# DeepEval: Evaluating LangChain Agents

**LLM-as-Judge Evaluation for AI Agents**

[![DeepEval](https://img.shields.io/badge/DeepEval-Latest-purple.svg)](https://docs.confident-ai.com/)
[![LangChain](https://img.shields.io/badge/LangChain-0.2+-green.svg)](https://python.langchain.com/)

---

## What This Notebook Covers

1. **Golden → Dataset → Evaluation** workflow with DeepEval
2. **LLM-as-Judge metrics**: Answer Relevancy, Faithfulness, Hallucination
3. **Multi-type loan agent**: Personal, Mortgage, Auto loans
4. **Tool output as context**: Using tool results for evaluation

### Loan Advisor Agent Tools

| Tool | Description |
|------|-------------|
| `calculate_personal_loan` | Personal loan payment calculation |
| `calculate_mortgage` | Home loan with down payment & LTV |
| `calculate_auto_loan` | Car loan with trade-in support |
| `check_loan_eligibility` | Credit & income eligibility check |
| `check_affordability` | DTI-based affordability analysis |
| `compare_loan_options` | Compare different loan terms |

---

## 1. Setup

In [None]:
# Install dependencies (uncomment for Kaggle/Colab)
# !pip install -q deepeval langchain langchain-openai langgraph pandas python-dotenv

In [None]:
import os
import json
from typing import Dict, Any

# =============================================================================
# API Key Setup (Kaggle / Colab / Local)
# =============================================================================

def setup_api_key():
    """Load API key from various sources."""
    if os.getenv("OPENAI_API_KEY"):
        return "environment"
    
    try:  # Kaggle
        from kaggle_secrets import UserSecretsClient
        os.environ["OPENAI_API_KEY"] = UserSecretsClient().get_secret("OPENAI_API_KEY")
        return "Kaggle Secrets"
    except: pass
    
    try:  # Colab
        from google.colab import userdata
        os.environ["OPENAI_API_KEY"] = userdata.get("OPENAI_API_KEY")
        return "Colab Secrets"
    except: pass
    
    try:  # Local .env
        from dotenv import load_dotenv
        load_dotenv()
        if os.getenv("OPENAI_API_KEY"):
            return ".env file"
    except: pass
    
    return None

source = setup_api_key()
if source:
    print(f"API key loaded from {source}")
else:
    raise ValueError("OPENAI_API_KEY not found.
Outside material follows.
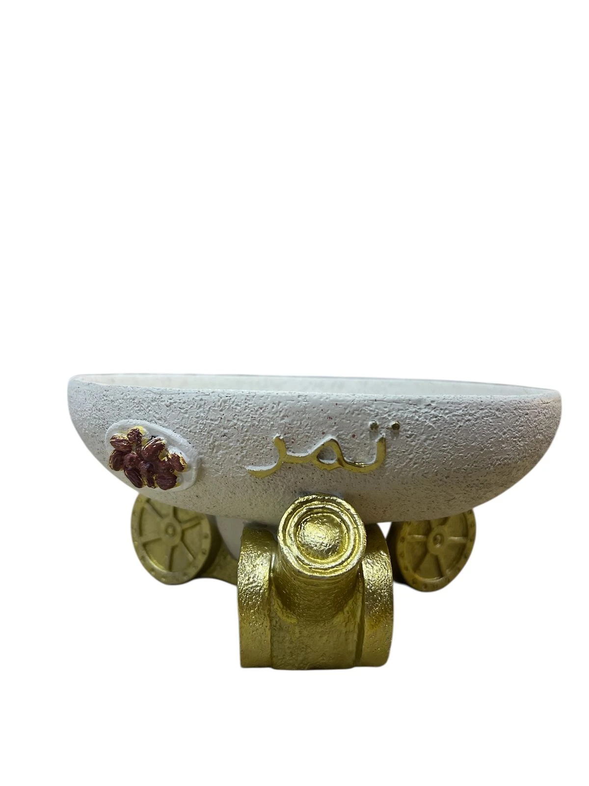 طبق أبيض بيضاوي الشكل تمرية محمول على قاعدة ذهبية مزخرفة تتميز بتصميم يشبه المدفع بعجلات مزخرفة لتقديم التمر مصنوع من الجفصين عرض: ٢٣ سم |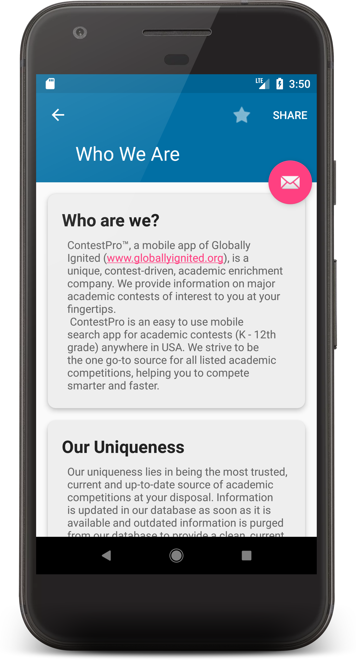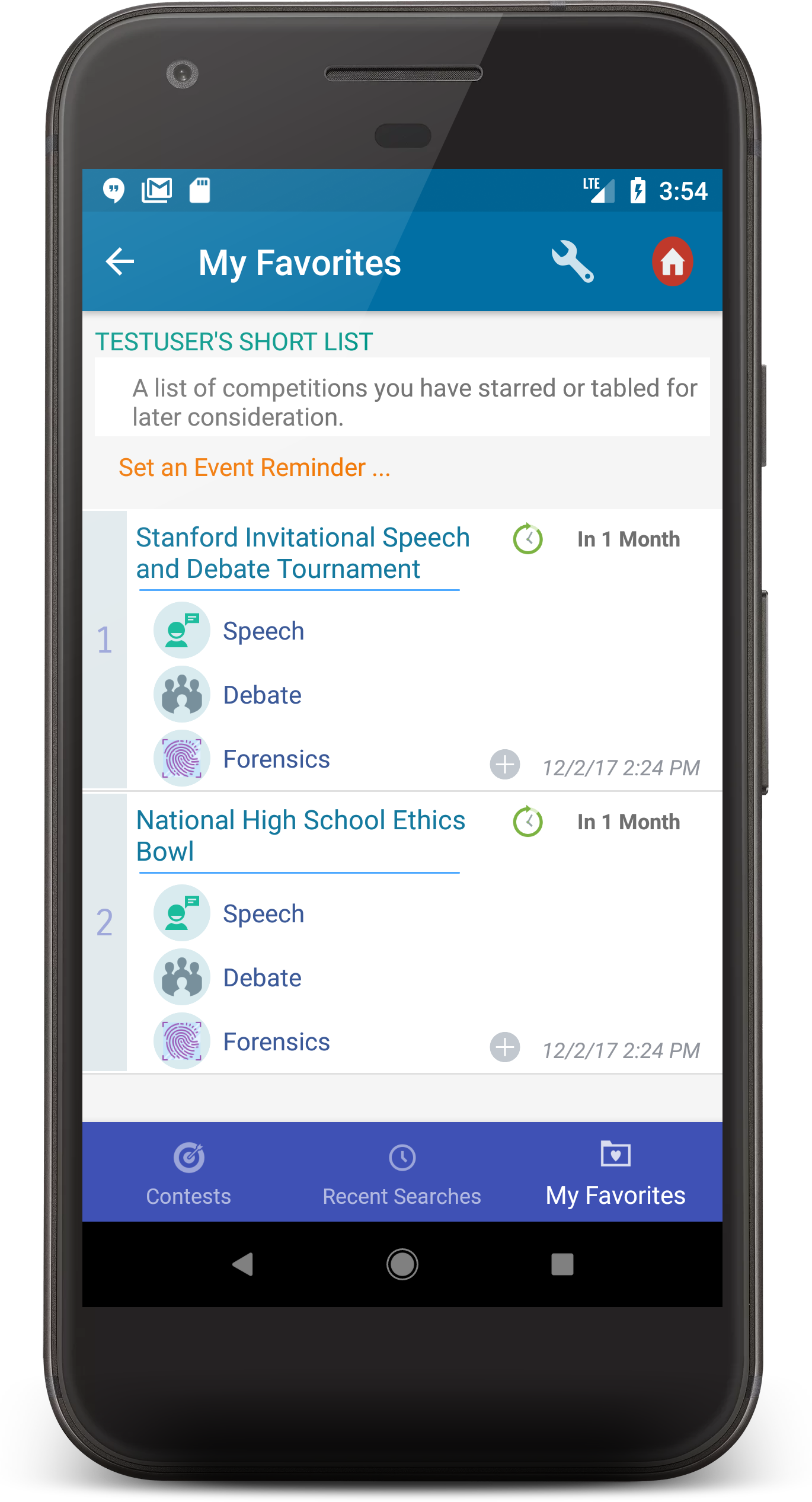Set reminders for your favorite contests so you can watch out and get notified for when that final registration deadline is looming! Set your goals high, and the app ensures its always within arm's reach.

Set via Kaggle/Colab Secrets or .env file.")

## 2. Import Loan Advisor Tools

Tools are defined in `langchain_tools.py` - a separate module for cleaner organization.

In [None]:
# Import tools from external module
from langchain_tools import (
    get_all_tools,
    get_tool_descriptions,
    calculate_personal_loan,
    calculate_mortgage,
    calculate_auto_loan,
    check_loan_eligibility,
    check_affordability,
    compare_loan_options,
)

tools = get_all_tools()
print(f"Loaded {len(tools)} tools:\n")
print(get_tool_descriptions())

## 3. Create LangChain Agent

In [None]:
from langchain_openai import ChatOpenAI
from langgraph.prebuilt import create_react_agent
from langchain_core.messages import HumanMessage, AIMessage, ToolMessage

# Create agent
llm = ChatOpenAI(model="gpt-4o-mini", temperature=0)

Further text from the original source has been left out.